[Data items]
|---|
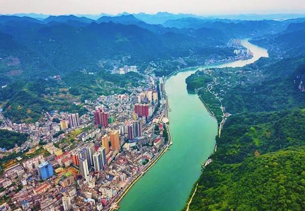 上图:湖北省宜昌市长阳县城龙舟坪镇山环水绕的美丽自然风光。
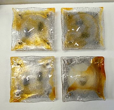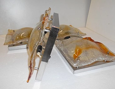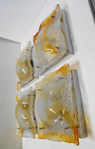 4 Murano glass wall lamps with metal support by Toni Zuccheri for Mazzega, 1970s
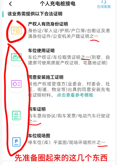 准备以下文件:身份证复印件(正反面),物业授权证明,车位/车库产权证明,购车意向协议/合同/购车发票3者选一即可(以当地国网要求为准)
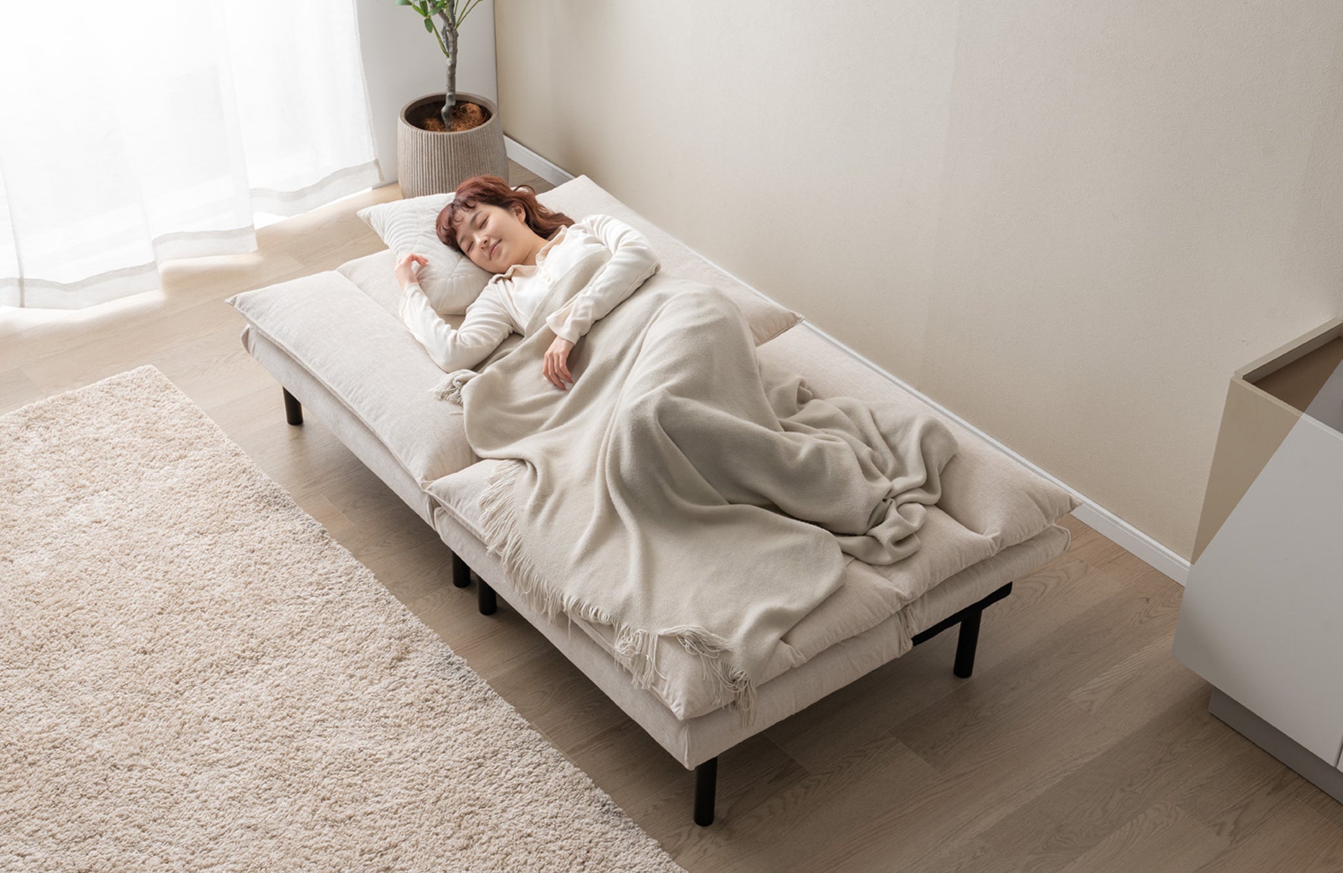 ソファの全面を最大限使ってゆったりとくつろぎたいときやお昼寝時、来客時のベッドとしても使用できるスタイルです。
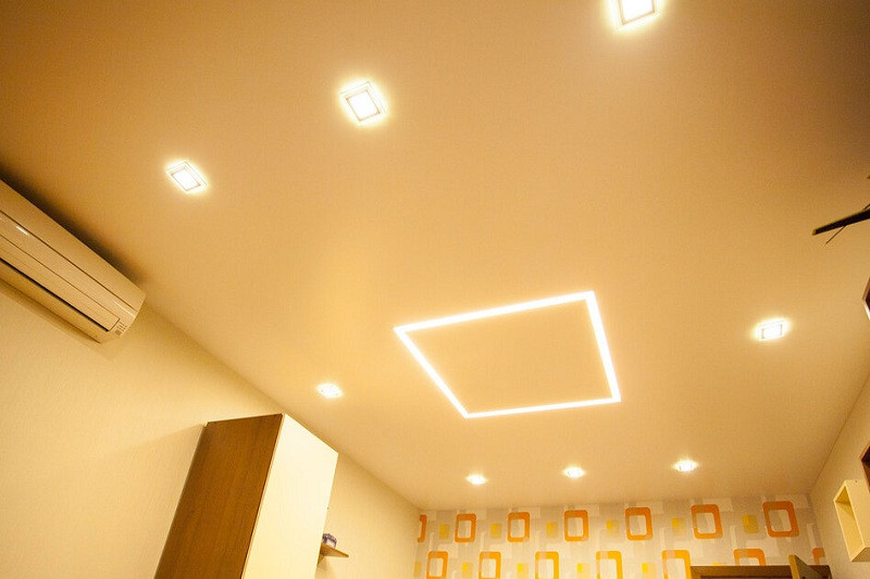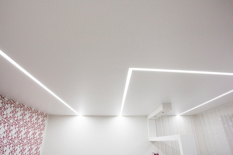 Потолочное покрытие актуально для любого помещения, главное – правильно выбрать конфигурацию системы, места прокладки ленты или установки светильников.
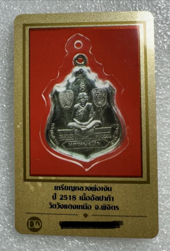 เหรียญหลวงพ่อเงิน เนื้ออัลปาก้า วัดวังแดงเหนือ จ.พิจิตร พ.ศ.2518 พร้อมบัตรเพื่อนบ้านครับ
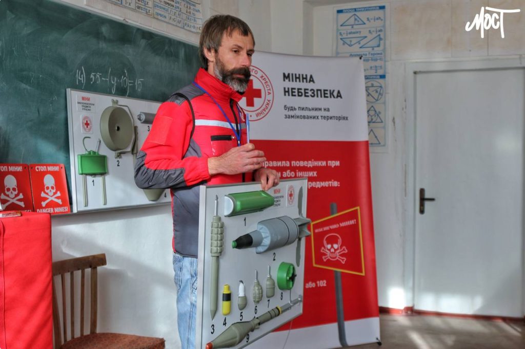 Фахівець Червоного Хреста Антон Колосов під час занять з мінної безпеки у школі села Борозенське.
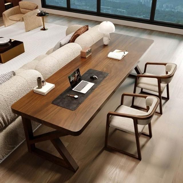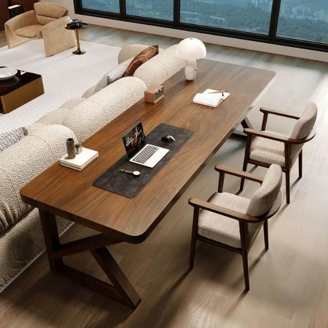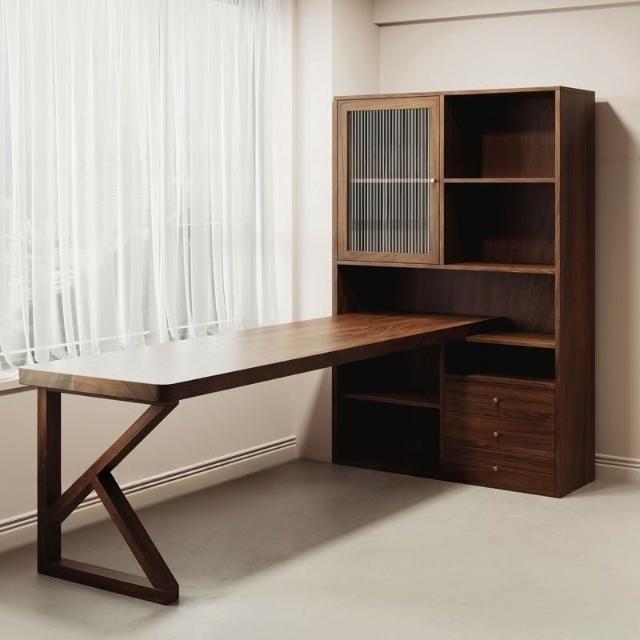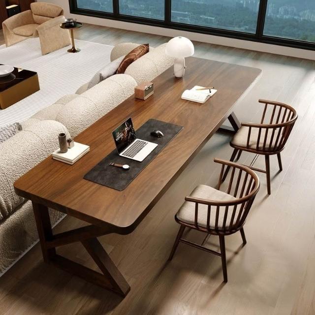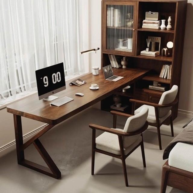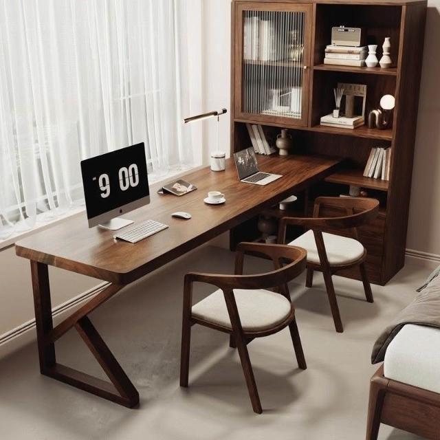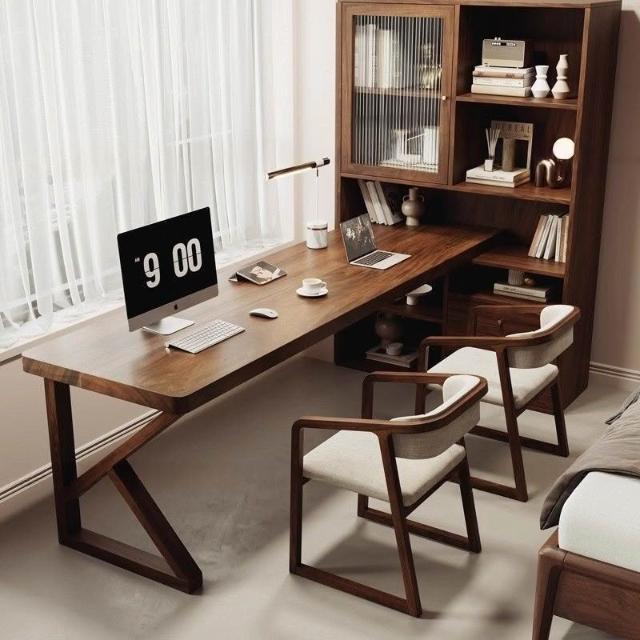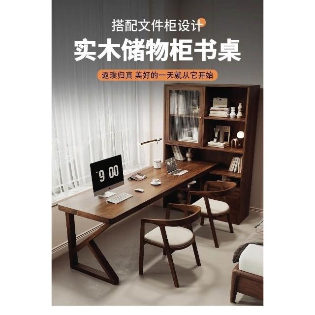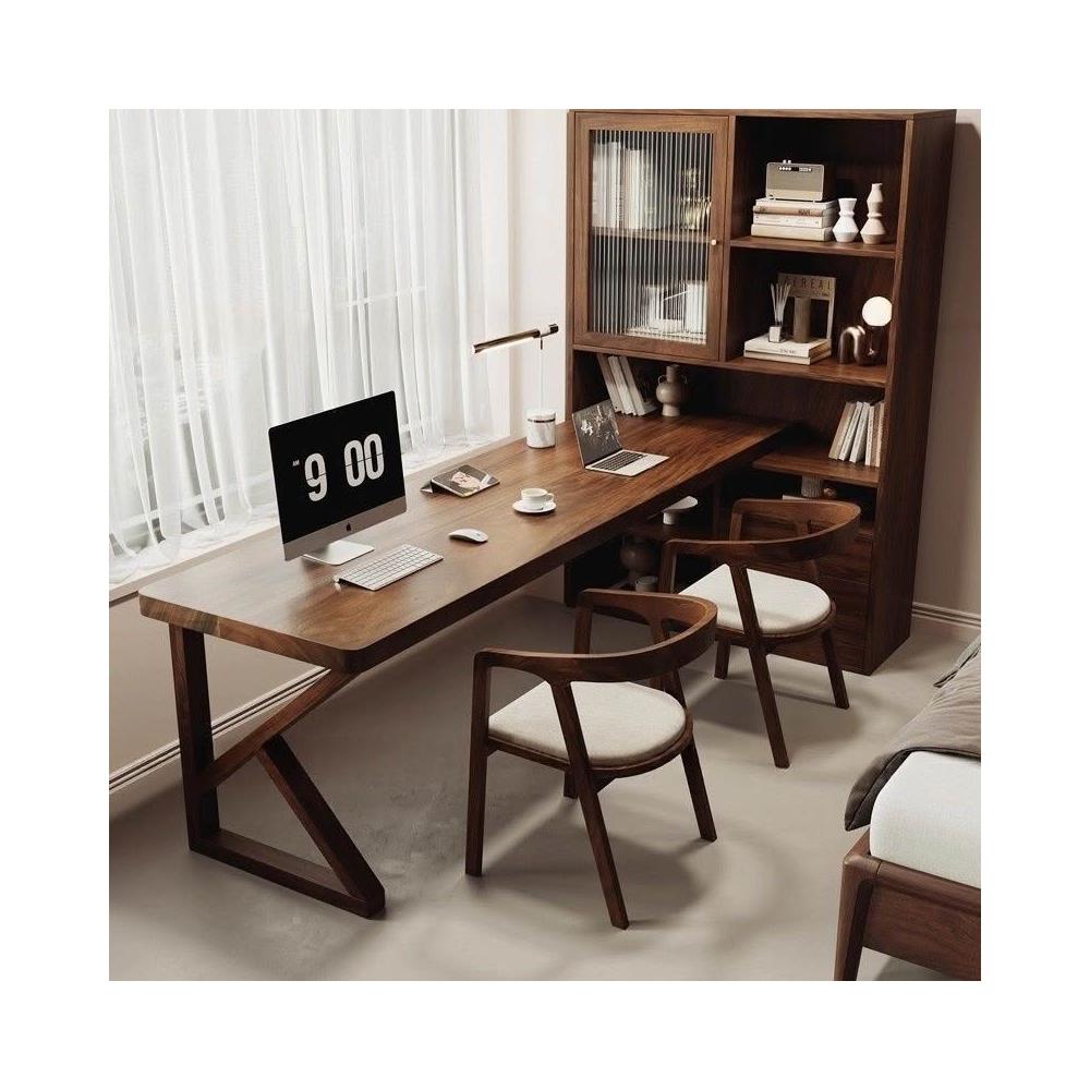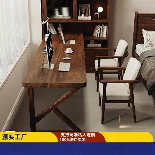 南美黑胡桃木現代多功能書桌臥室讀書寫字書柜小戶型雙人電腦桌子 MLDDSZYY
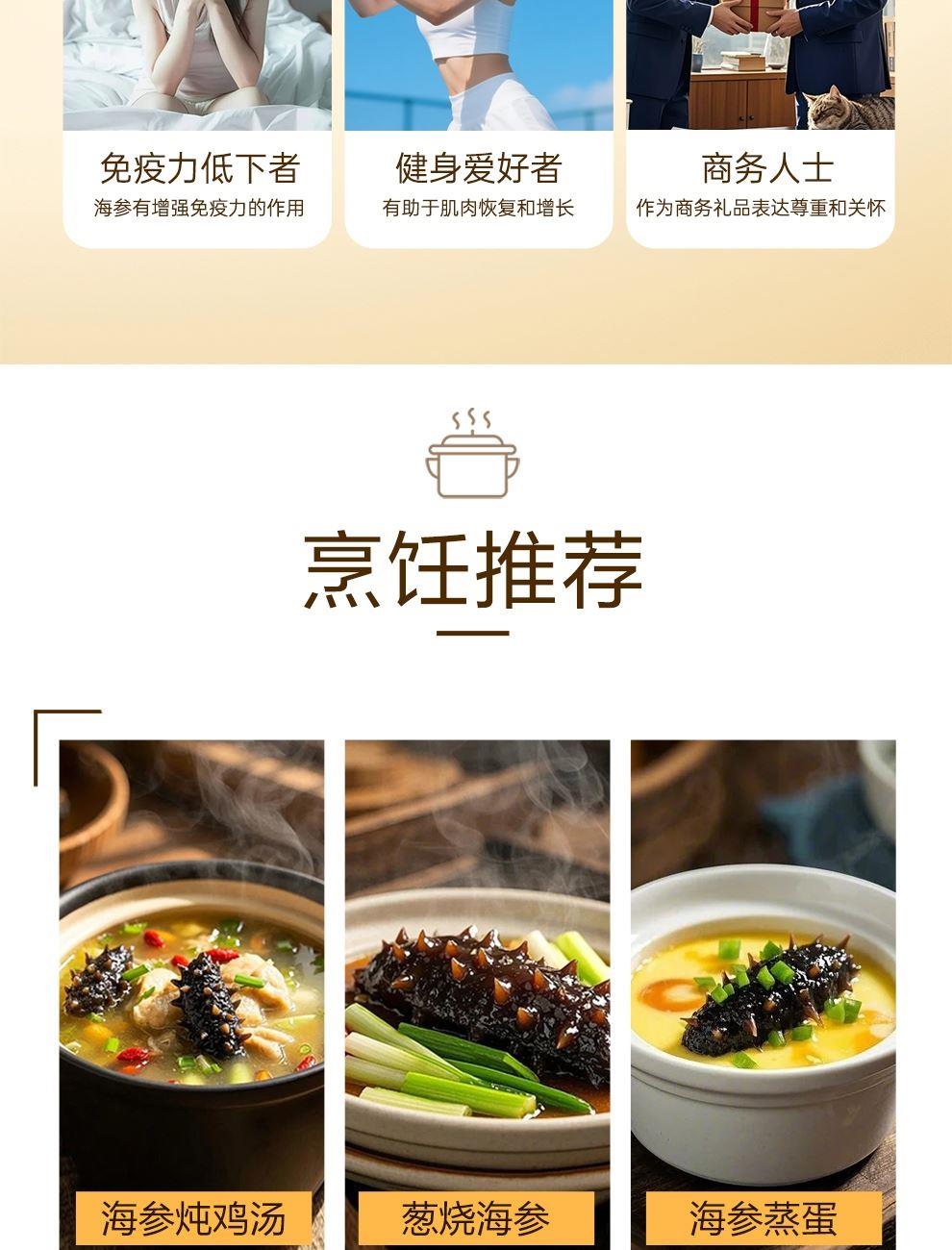 - 淡干海參含水量低,使它能夠長(zhǎng)時(shí)間保存,而且重量輕,便于運(yùn)輸和儲(chǔ)存。
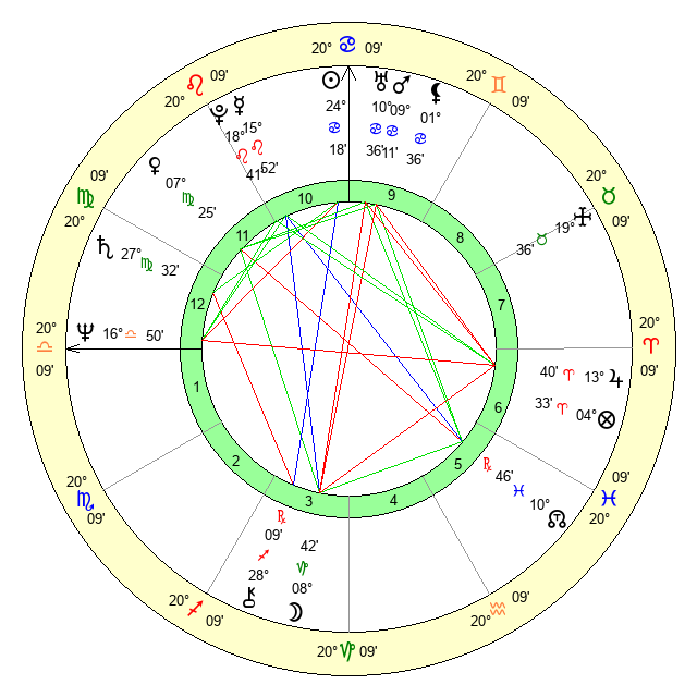 | Sun | 24 Cancer 18 | 25 Cancer 22 | 5 Libra 44 |
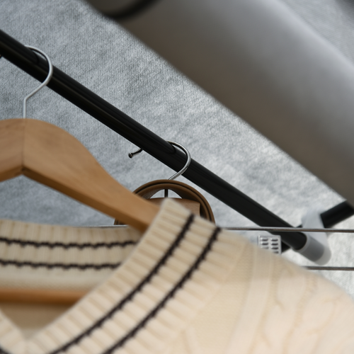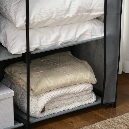 Multi-storage: A wardrobe with four shelves and a two hanging rails. This foldable wardrobe offers plenty of storage and hanging space for clothing, bedding, accessories and more.Temporary wardrobe design: Formed of a metal frame and a fabric cover, this portable closet wardrobe can be set up and taken down easily. Move it around and use wherever you need, anytime.Steel frame: Powder coated for extra strength, the metal forms a tough core for this fabric wardrobe - keeping stable when packed with clothing and more.Fabric cover, with roll-up doors: Panel pieces can be left down or held up - giving you easy access and keeping garments protected whenever needed.Dimensions: 170H x 118W x 49Dcm. Maximum load 70kg. Easy to assemble.
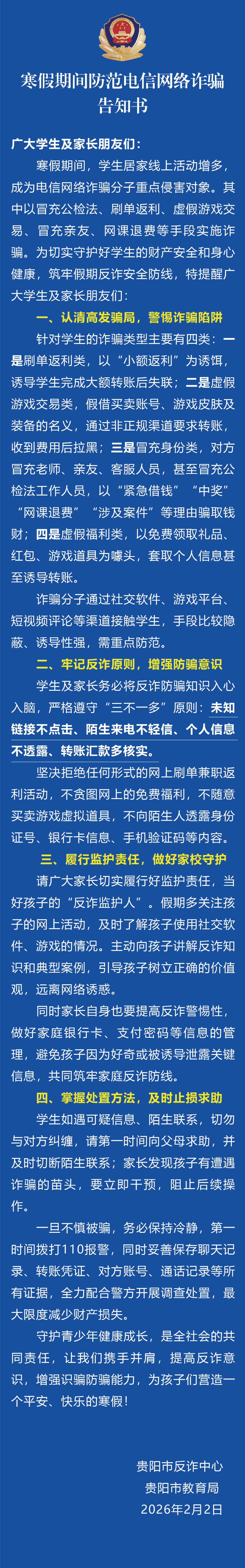 寒假期间防范电信网络诈骗告知书,请学生与家长务必知晓!
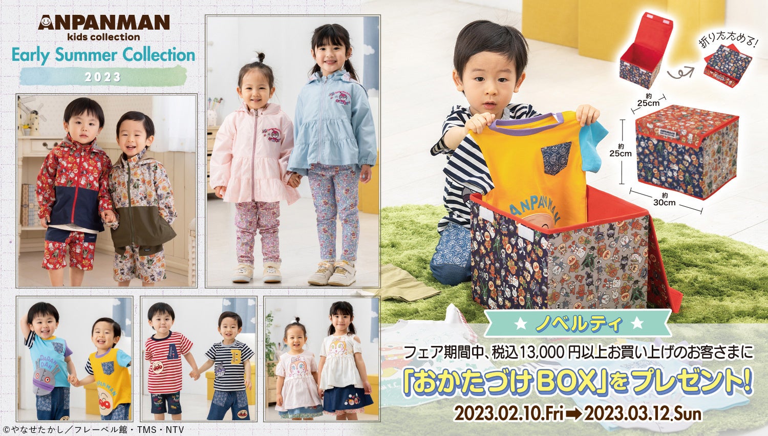 2023年2月10日(金)~2023年3月12日(日)の期間中、店頭およびバンダイナムコグループ公式通販サイト「プレミアムバンダイ内アンパンマンキッズコレクションオンラインショップ」にて13,000円(税込)以上お買い上げのお客様には、「オリジナルおかたづけボックス」をプレゼント!
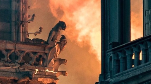 Vemos humo, luces rojas y amarillas que aparecen por momentos en la aguja central. En pocos instantes todos llegan, clientes, camareros, cocineros, y se aglutinan alrededor de nuestra mesa, pegados a los grandes ventanales. El incendio se propaga rápidamente a la cubierta. En el momento en que el tejado se hunde, se escucha un grito de estupor que la gente no puede reprimir. Después se derrumba la aguja, pero cuando se ve que el fuego ha llegado a la torre norte no creen lo que no se puede negar, casi un siglo de historia podría convertirse en humo y cenizas.
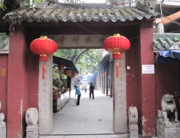 順治初,臨濟(jì)宗32世宗師古鏡宗符,從福建漳州游方到廣州,參謁西來庵時(shí),為庵主大慈素端(1602-1664)極力挽留,要他擔(dān)負(fù)起重光祖庭的重任,加上當(dāng)?shù)孛亢兰澇炭蓜t、王念初、梁佩蘭、陳恭尹諸公呈詞懇請,乃應(yīng)允主持重建工作,發(fā)動(dòng)海內(nèi)外信眾踴躍捐資,把古庵改建成一座禪宗大寺院;據(jù)元覺撰《華林禪寺開山碑記》,當(dāng)年,宗符禪師“爰拓基址,定方隅,引河流為功德水,植材木為祗樹園,首建大雄寶殿,次及樓閣堂廡寮室庖逼,無不圓成。”
|---|
:: How to complete this task ::
The reply should hold only the lines running from the top of the records to the line containing "Vemos humo, luces", both included, copied exactly with no pictures.

:: Reply ::
 上图:湖北省宜昌市长阳县城龙舟坪镇山环水绕的美丽自然风光。
 4 Murano glass wall lamps with metal support by Toni Zuccheri for Mazzega, 1970s
 准备以下文件:身份证复印件(正反面),物业授权证明,车位/车库产权证明,购车意向协议/合同/购车发票3者选一即可(以当地国网要求为准)
 ソファの全面を最大限使ってゆったりとくつろぎたいときやお昼寝時、来客時のベッドとしても使用できるスタイルです。
 Потолочное покрытие актуально для любого помещения, главное – правильно выбрать конфигурацию системы, места прокладки ленты или установки светильников.
 เหรียญหลวงพ่อเงิน เนื้ออัลปาก้า วัดวังแดงเหนือ จ.พิจิตร พ.ศ.2518 พร้อมบัตรเพื่อนบ้านครับ
 Фахівець Червоного Хреста Антон Колосов під час занять з мінної безпеки у школі села Борозенське.
 南美黑胡桃木現代多功能書桌臥室讀書寫字書柜小戶型雙人電腦桌子 MLDDSZYY
 - 淡干海參含水量低,使它能夠長(zhǎng)時(shí)間保存,而且重量輕,便于運(yùn)輸和儲(chǔ)存。
 | Sun | 24 Cancer 18 | 25 Cancer 22 | 5 Libra 44 |
 Multi-storage: A wardrobe with four shelves and a two hanging rails. This foldable wardrobe offers plenty of storage and hanging space for clothing, bedding, accessories and more.Temporary wardrobe design: Formed of a metal frame and a fabric cover, this portable closet wardrobe can be set up and taken down easily. Move it around and use wherever you need, anytime.Steel frame: Powder coated for extra strength, the metal forms a tough core for this fabric wardrobe - keeping stable when packed with clothing and more.Fabric cover, with roll-up doors: Panel pieces can be left down or held up - giving you easy access and keeping garments protected whenever needed.Dimensions: 170H x 118W x 49Dcm. Maximum load 70kg. Easy to assemble.
 寒假期间防范电信网络诈骗告知书,请学生与家长务必知晓!
 2023年2月10日(金)~2023年3月12日(日)の期間中、店頭およびバンダイナムコグループ公式通販サイト「プレミアムバンダイ内アンパンマンキッズコレクションオンラインショップ」にて13,000円(税込)以上お買い上げのお客様には、「オリジナルおかたづけボックス」をプレゼント!
 Vemos humo, luces rojas y amarillas que aparecen por momentos en la aguja central. En pocos instantes todos llegan, clientes, camareros, cocineros, y se aglutinan alrededor de nuestra mesa, pegados a los grandes ventanales. El incendio se propaga rápidamente a la cubierta. En el momento en que el tejado se hunde, se escucha un grito de estupor que la gente no puede reprimir. Después se derrumba la aguja, pero cuando se ve que el fuego ha llegado a la torre norte no creen lo que no se puede negar, casi un siglo de historia podría convertirse en humo y cenizas.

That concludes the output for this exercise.